The final piece is new to me. It is an intensely beautiful creation from Franck. Bärenreiter Ltd. notes that a separate movement from Franck's Violin, “Mélancolie”, was first published after Franck’s death in 1911, again for the same instrumentation, piano and violin or violoncello. This short piece is based on a solfège (the application of the sol-fa syllables to a musical scale or to a melody) exercise and was written at the height of the composer’s creative powers, at about the same time as his famous violin sonata.
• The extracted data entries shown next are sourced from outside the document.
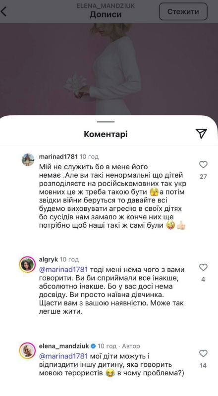 Судя по комментариям под её постом, многие подписчики не разделяют взглядов блогера. В негативных комментариях они подчеркивают, что не стоит с малых лет разделять на русскоязычных и украиноязычных, поскольку это может привести лишь к агрессии.
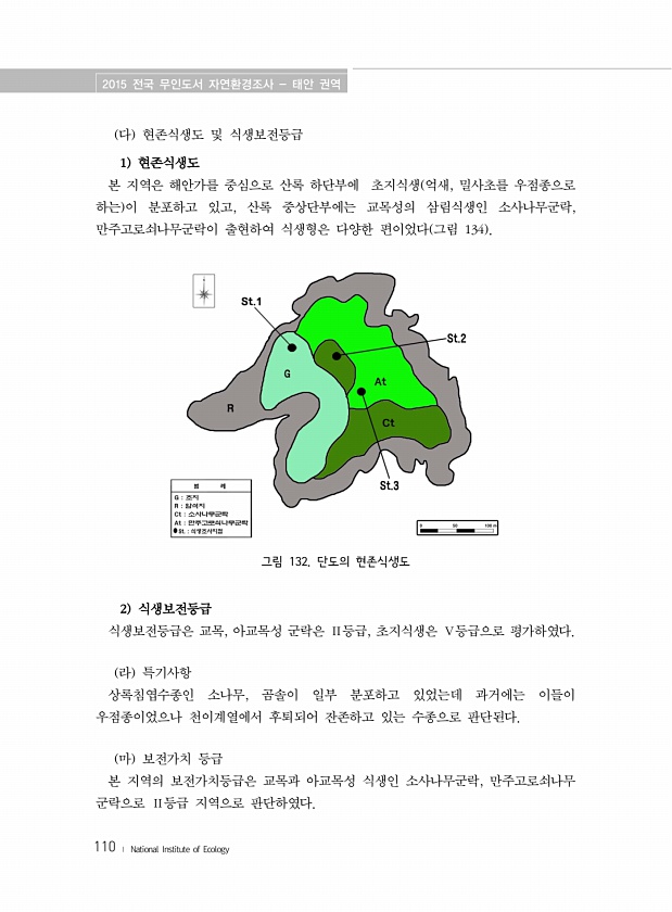 2015 전국 무인도서 자연환경조사 태안 권역 110 ? National Institute of Ecology 다 현존식생도 및 식생보전등급 1 현존식생도 본 지역은 해안가를 중심으로 산록 하단부에 초지식생 억새, 밀사초를 우점종으로 하는 이 분포하고 있고, 산록 중상단부에는 교목성의 삼림식생인 소사나무군락, 만주고로쇠나무군락이 출현하여 식생형은 다양한 편이었다 그림 134 그림 132. 단도의 현존식생도 2 식생보전등급 식생보전등급은 교목, 아교목성 군락은 Ⅱ등급, 초지식생은 Ⅴ등급으로 평가하였다. 라 특기사항 상록침엽수종인 소나무, 곰솔이 일부 분포하고 있었는데 과거에는 이들이 우점종이었으나 천이계열에서 후퇴되어 잔존하고 있는 수종으로 판단된다. 마 보전가치 등급 본 지역의 보전가치등급은 교목과 아교목성...
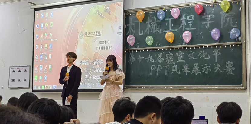 本次比赛共有十三支寝室队伍入围决赛。赛程中由各寝室代表用PPT向观众们展示寝室成员的个人风采,介绍寝室环境的独特魅力。同时也向大家分享寝室生活的幽默风趣、点点滴滴。各寝室成员代表诙谐、精彩的阐述让评委和同学们时而热泪盈眶,时而捧腹大笑,纷纷为台上的选手们喝彩。
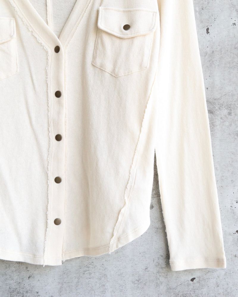 This woven cotton buttondown top features snap closures, a raw trim, double bust pockets, and a v-neckline. Wear this with your favorite pair of jeans for a cute and casual outfit!
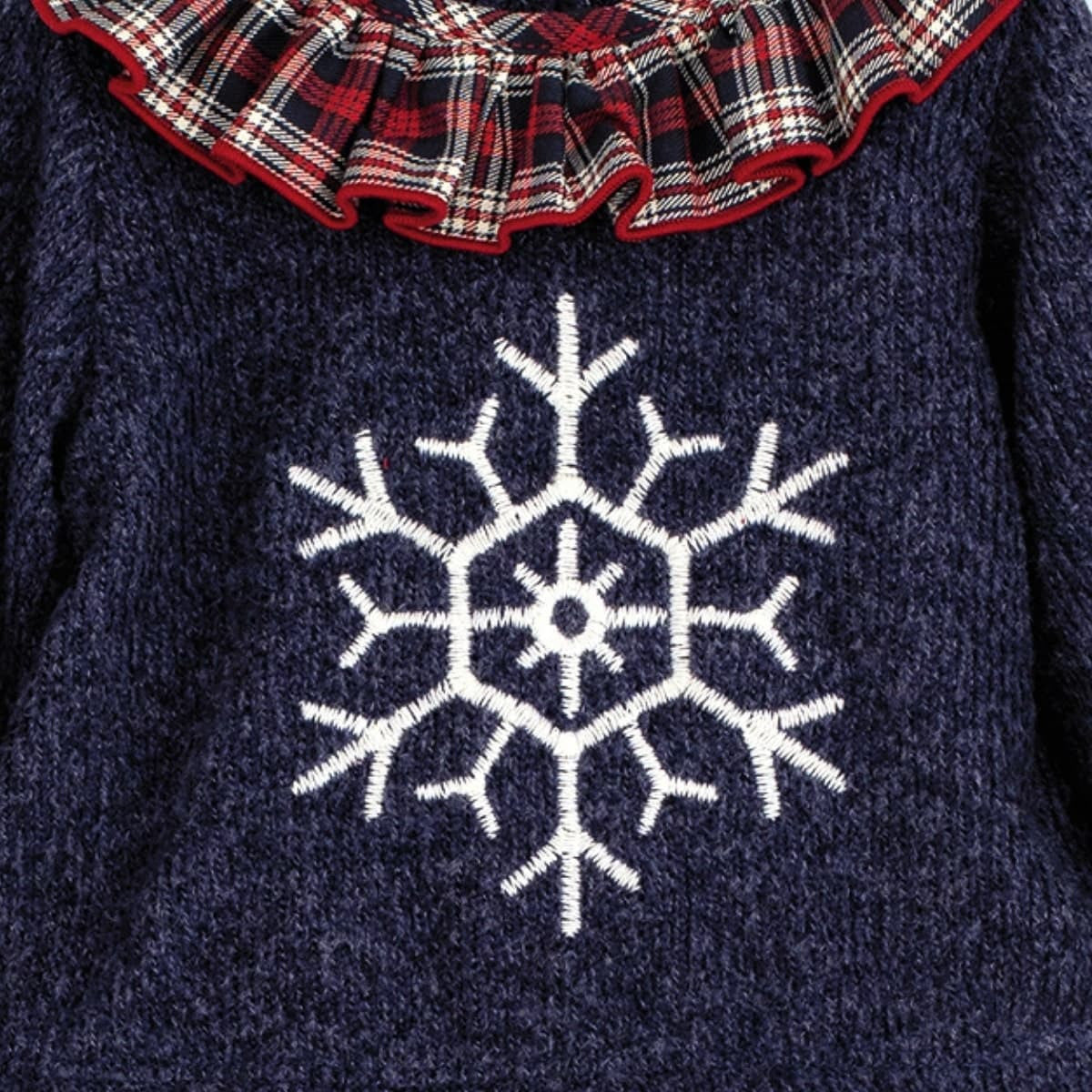 - Jersey suave en punto en azul marino con copo de nieve blanco bordado Cuello redondo con volante de cuadros Faldita braga integrada en tejido tartán navideño Gomas en piernas para un ajuste perfecto Cierre trasero con botones para vestir fácilmente Ideal para días frío. Perfecto para Navidad, sesiones de fotos y momentos especiales
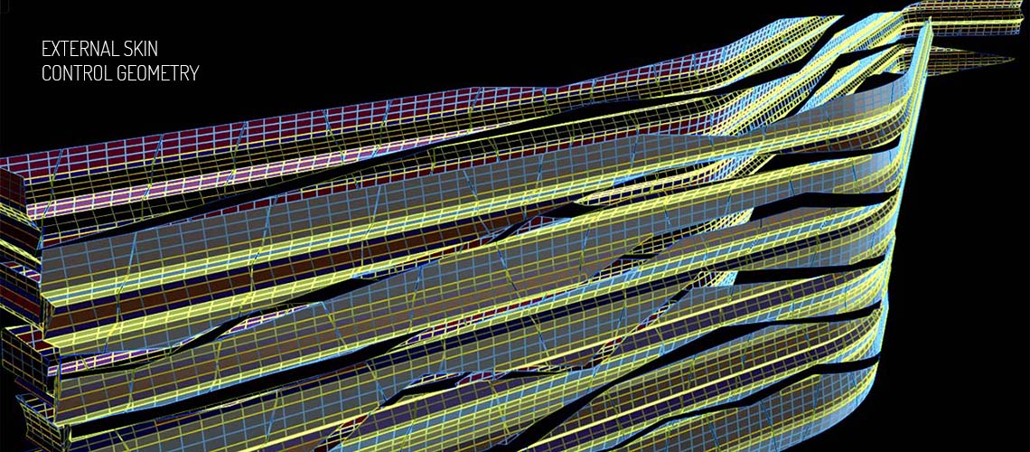 - completely rebuilding the 3D model of the ‘Orange’ facades, consisting of 8009 standard panels and 5960 folded panels, to use it as control geometry within a BIM model;
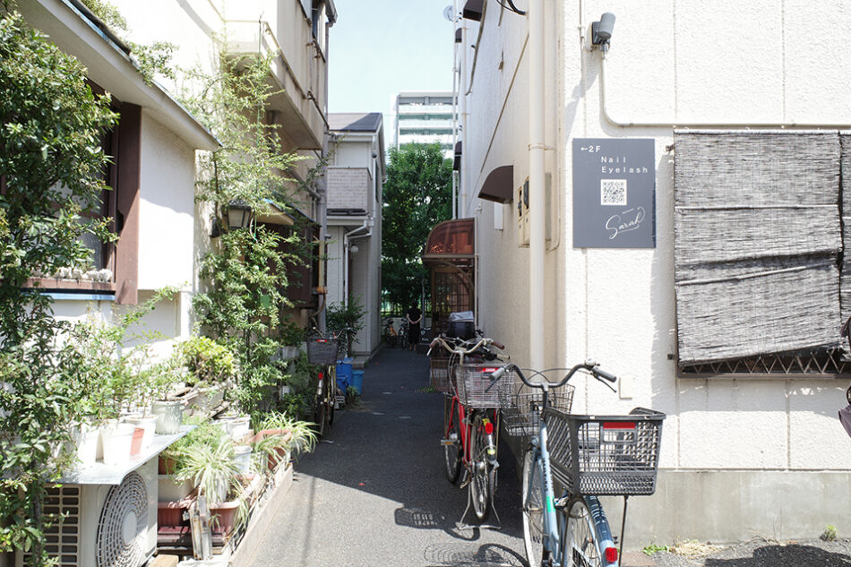 小さな路地の一角にひっそりと置かれた看板。
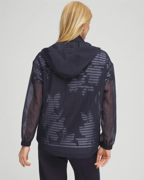 The Zenergy® Sheer Textured Jacket gives you lightweight coverage. This design features a sheer shadow box texture print and so many utility details, like front flap & zipper pockets, removeable hood, and bungee hem. This jacket pair well with everyday athleisure wear.
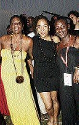 Friends Sandra Coke (left), Montego Bay-based singer; Yolande Rattray-Wright (centre), managing director of The Wright Agency, and Coleen Douglas, communications director with the Jamaica National Heritage Trust, pause for a photo opportunity during Reggae Sumfest International Night last Friday in Catherine Hall, Montego Bay. - Photo by Noel Thompson
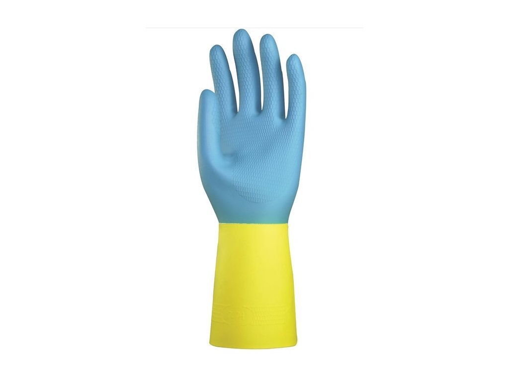 Dlouhé latexové chemicky velmi odolné rukavice s vnější vrstvou neoprénu. Uvnitř velurová úprava ze 100% bavlny. Ideální pro práci s chemickými prostředky, při nátěru přípravků na ochranu rostlin proti okusu zvěří a podobně.
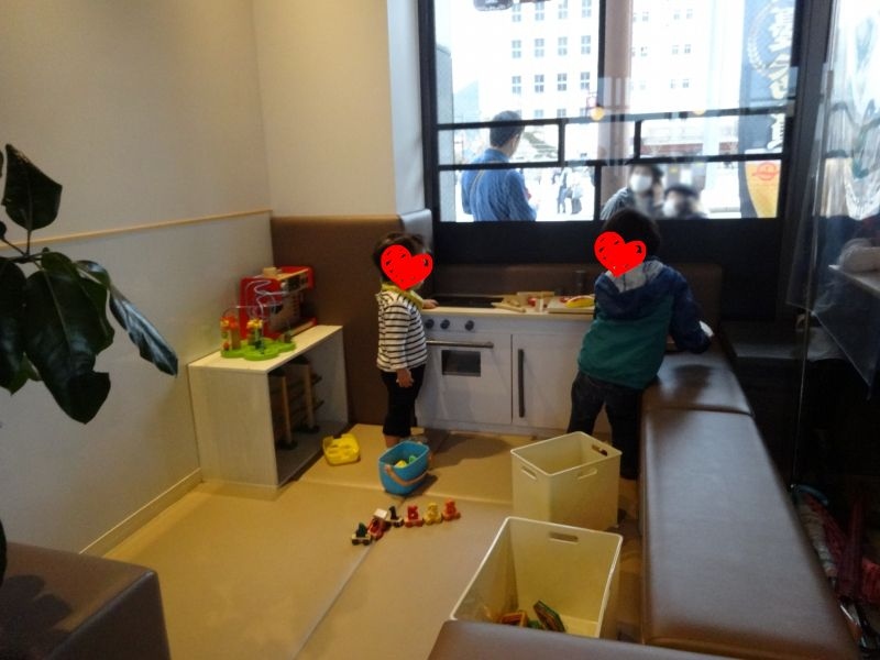 店内にはキッズスペースもあり、トイレのおむつ替え施設も充実。特におむつ交換台だけでなく、フィッティングボードも備えてあったのには感心しました。
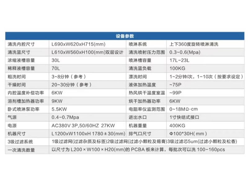 机器以电力、气为能源,人工方式将PCBA 放入清洗室内,设定好触摸屏中的清洗、漂洗、干燥及其他相关参数后,点击开始运行,PCBA 会被自动的清洗、漂洗和干燥。当设定的清洗工艺流程结束后自动停止运行,并且复位,以便实现下次的工作流程。本机器非常方便作业人员清洗 PCBA,大副提高生产效率和品质.属于新型、高性能全自动清洗设备。设备使用水基型的液体或 DI 水作清洗剂,无任何安全隐患,并且对人员无伤害。
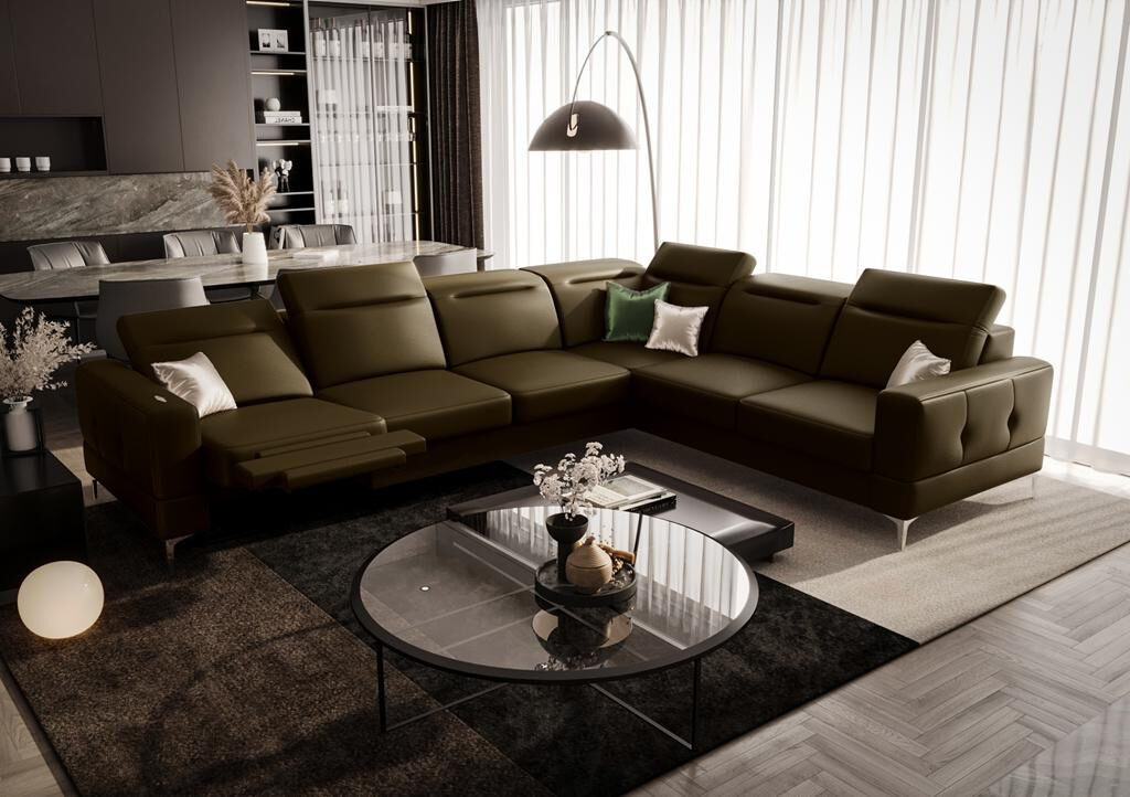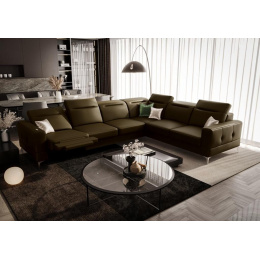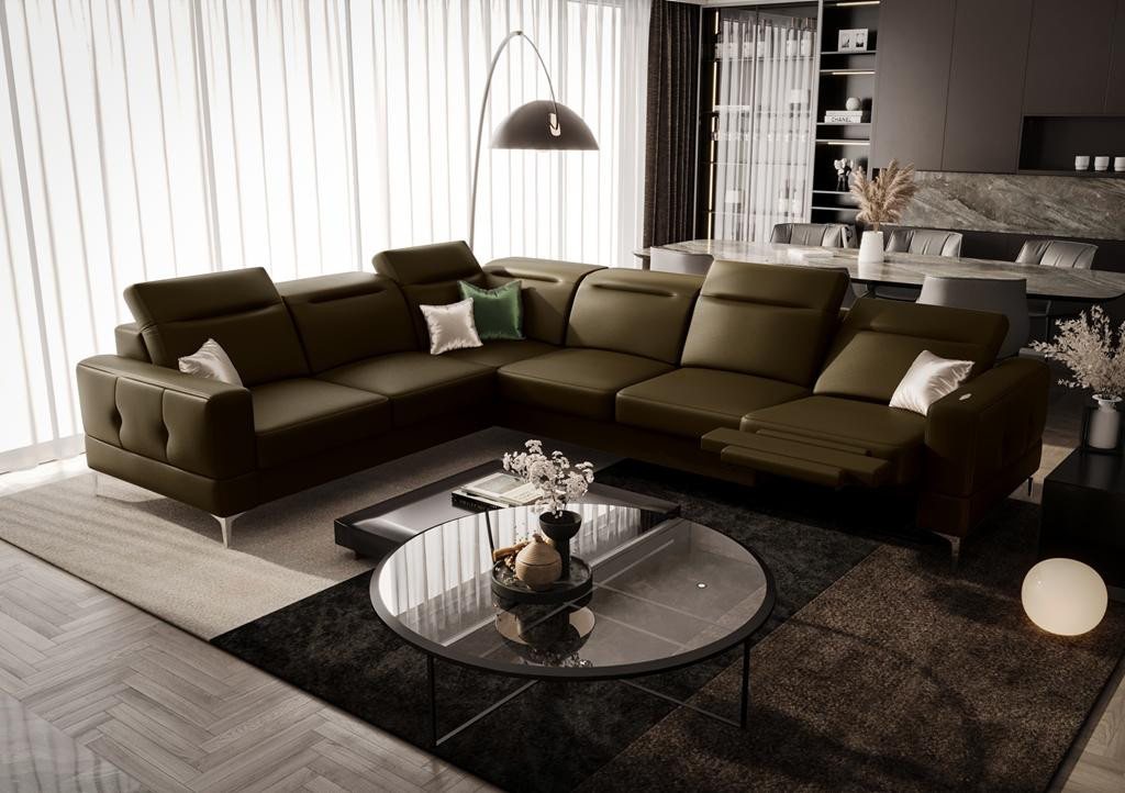 Rohová sedací souprava MALIBU MAX , relax 320x250 přírodní kůže - levá, Kůže olivově hnědá
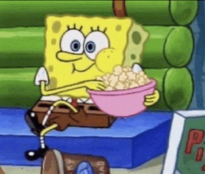 Paglalarawan ng Content: spongebob is sitting on a box eating popcorn from a pink bowl .
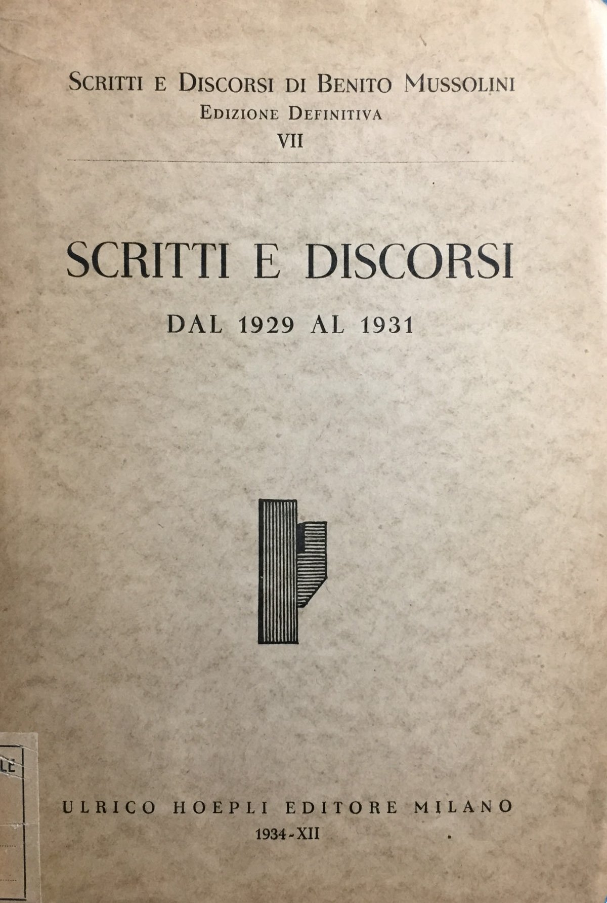 Coll. Scritti e discorsi di Benito Mussolini. Edizione definitiva, 7. Intonso. 945 – Ba In Ottavi (15-23cm ) Ottimo (Fine) Ottimo
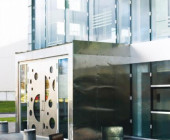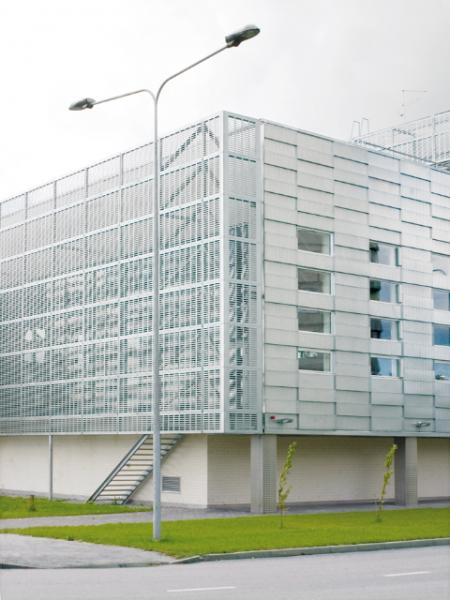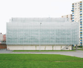 In the elaboration of the building he used veneer, metal, concrete and glass as a collage. The outer shell of the building is like a porous sponge that imbibes the light in the day to irradiate it in the dark.
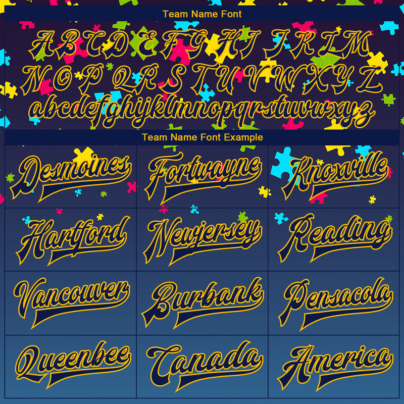 Custom Autism Awareness Puzzle Pieces Navy-Gold 3D Bomber Full-Snap Varsity Letterman Jacket
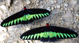 The Raja Brooke Birdwing is one of the world’s largest, rarest and most colorful butterflies. Native to the rain forest Borneo, it brilliantly colored and has a wingspan of 6 to 12 inches. It was first caught by Alfred Russell Wallace who named after a fried in Sarawak. One reason its so rarely seen is that it spends most of its time in the upper canopy. Wallace wrote: "The beauty and brilliancy of this insect are indescribable, and none but a naturalist can understand the intense excitement I felt when I at length captured it...my heart began to beat violently, the blood rushed to my head, and I felt much more like fainting than I have done with immediate apprehension of death. I had a headache the rest of the day." Today a prepared pair of birdwing butterflies sell for up to $2,500 on the black market.
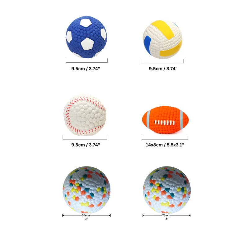 Step up your pet's playtime with a variety that's set to excite and endure. From the sports-themed chewballs to the mighty IndestructiBall, your dog is in for a treat that will withstand even the most passionate chewers. The array of shapes and textures offers a fascinating experience, keeping your dog entertained, physically active, and mentally stimulated. Say goodbye to frequent toy replacements; this bundle is built to last!

And now the recording. Under ‘Acknowledgements’ in the Eudora’s booklet, Ana María Valderrama thanks Mr Miguel Angel Tapi, director, “for gracefully allowing me to record this album in the Mozart Concert Hall”. The Mozart Room is one of an excellent set of modern Audience Halls in Zaragoza. The surface is 1800 m², maximum length: 25 m, maximum width 14 m, and there is room for 1992 seats. It has equipment and sound control, and Audio-video recording equipment (although the Eudora’s Producer and the recording engineer, Gonzala Noqué, would be likely to bring company material to record DSD256 and 5.0 surround version).
I have reviewed most of the Eudora’s SACD and been impressed by their 5.0 multichannel, which gives the listener feeling that the musicians are sitting (or standing) in a realistic space. Ambience of the location also gives the listener quality or character given to a sound recording, by the specific space in which the sound occurs. I set up for my 5.0 to listen to Brahms and Franck, and in a few seconds I said “Mono”!. All I could hear was violin and piano sounds on top of one another (or inside). Sitting in my chair in the middle of the room, there was a flat sound from Left and Right front and no feeling of the musicians in the usual arrangement with violin in front of the piano. I could not hear any sound from front middle or back L and R. To verify this, I removed the wires to my large, flat MagnePlan speakers, left and right front. Then I checked each of the other speakers, C, Left back, Right back. With the standard volume from my amplifier and playing the Brahms/Franck disc, 3 still connected each of these were emitting only a very soft signal, and I had to put my ear right next to the front of each connected speaker. They all sound as if the music of the stage was actually outside Mozart Hall. Without changes of any other equipment, I restored the L and R front speakers and ran a different Eudora disc, and as usual it had all the expected properties for 5.0 excellently. I did a further test, playing the Brahms/Franck disc in CD alone, and there was something of a better spread of sound for the two instruments than the SACD. The CD will be the one that I listen to in future.
I can only say that in my view the playing of a disc of Brahms/Franck straight out of its folder, and to find it had faulty 5.0 with violin and piano ‘crushed’ together reduces the amount of pleasure. Perhaps there is a pressing problem in production somewere I don’t know.
At this point, I cannot fully review the SACD, and the stars only refer to my own SACD.